Representatives from various countries discuss how strengthening institutions contributes to nuclear safety. (Photo: F. Nassif/IAEA)

At an event organized alongside the IAEA General Conference today, representatives from several Member States discussed how strengthening institutions contributes to nuclear safety.

Ensuring Robust National Nuclear Safety Systems — Institutional Strength in Depth, also referred to as INSAG-27, was published in 2017 and is available online. It builds on key lessons from the Fukushima Daiichi nuclear power plant accident in 2011, and shows how institutional systems, if effective, can enhance nuclear safety.

The key message of the report is that strong and effective institutions that interact with each other to reinforce their performance are necessary for high levels of nuclear safety, as they ensure that standards are applied and best practices are followed. These institutions include regulators, operators and stakeholders such as the government and special interest groups. While INSAG-27 was written for professionals involved in the nuclear power sector, the concept it describes can be applied to all nuclear facilities.

“The nuclear accident at Fukushima Daiichi, along with many other major industrial accidents, emphasizes the need for robust national nuclear safety systems,” said Mike Weightman, member of INSAG. “INSAG-27 presents a simple model to help design, develop, test and assure such systems based on the concept of strength in depth.”
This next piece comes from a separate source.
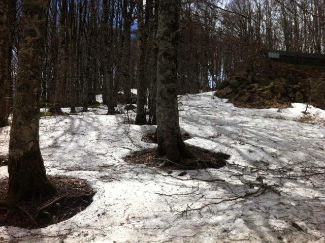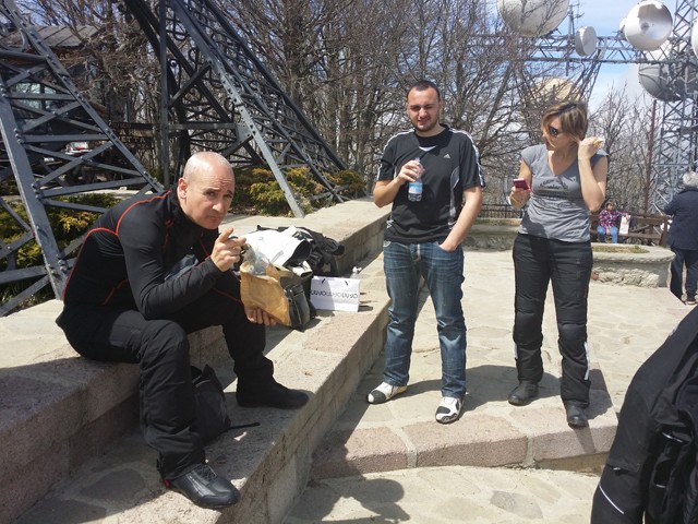 La fame è davvero tanta (ci siamo già fatti 4 ore in sella e oltre 230 km tutti di filato... ) e quindi consumiamo con una discreta rapidità il nostro pranzo al sacco. Un po' di foto, qualche chiacchiera e si sono fatte le 14... È ora di iniziare la discesa... Sulla neve, che sarà più difficile della salita.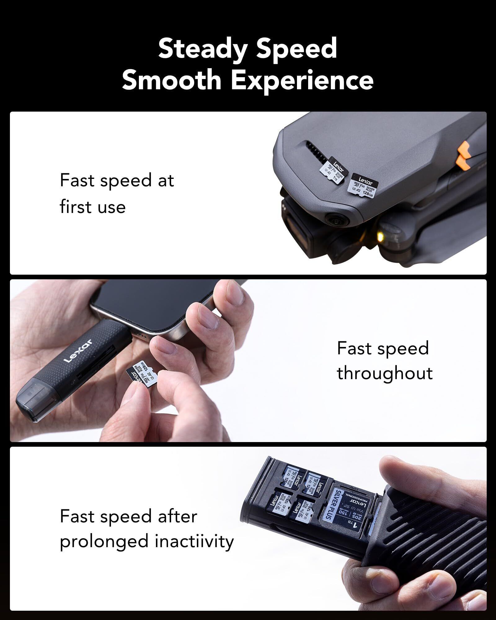 LexarのMicroSDカードは、優れた耐久性を誇り、衝撃や温度変化、湿気といった過酷な環境にも耐える設計です!安心して使用できる性能を持ち、あなたの大切なデータをしっかり守ります。旅行やアウトドアシーンでも頼れるパートナーです。

In the nuclear industry, building different layers or levels of safety in nuclear installations to protect people and the environment in case of an accident is known as ‘defence in depth’. INSAG-27 draws on the broad elements of this concept, transferring them from the world of engineering to the operation of institutions.

While the primary responsibility for safety lies with the operator, and the primary responsibility for safety oversight lies with the regulator, the role of other stakeholders is important as they serve to assure that the operator and the regulator are fulfilling their obligations.

During a roundtable discussion, speakers highlighted changes to IAEA safety standards, procedures and services carried out in line with the observations and lessons related to human and organizational factors included in the 2015 IAEA publication, ‘The Fukushima Daiichi Accident’, a report by the IAEA Director General. They concluded that the IAEA safety standards address most of the elements of the institutional strength-in-depth concept.

“It is important to seek input from Member States regarding what support they need to apply the INSAG-27 recommendations,” said Helen Rycraft, Senior Nuclear Safety Officer at the IAEA.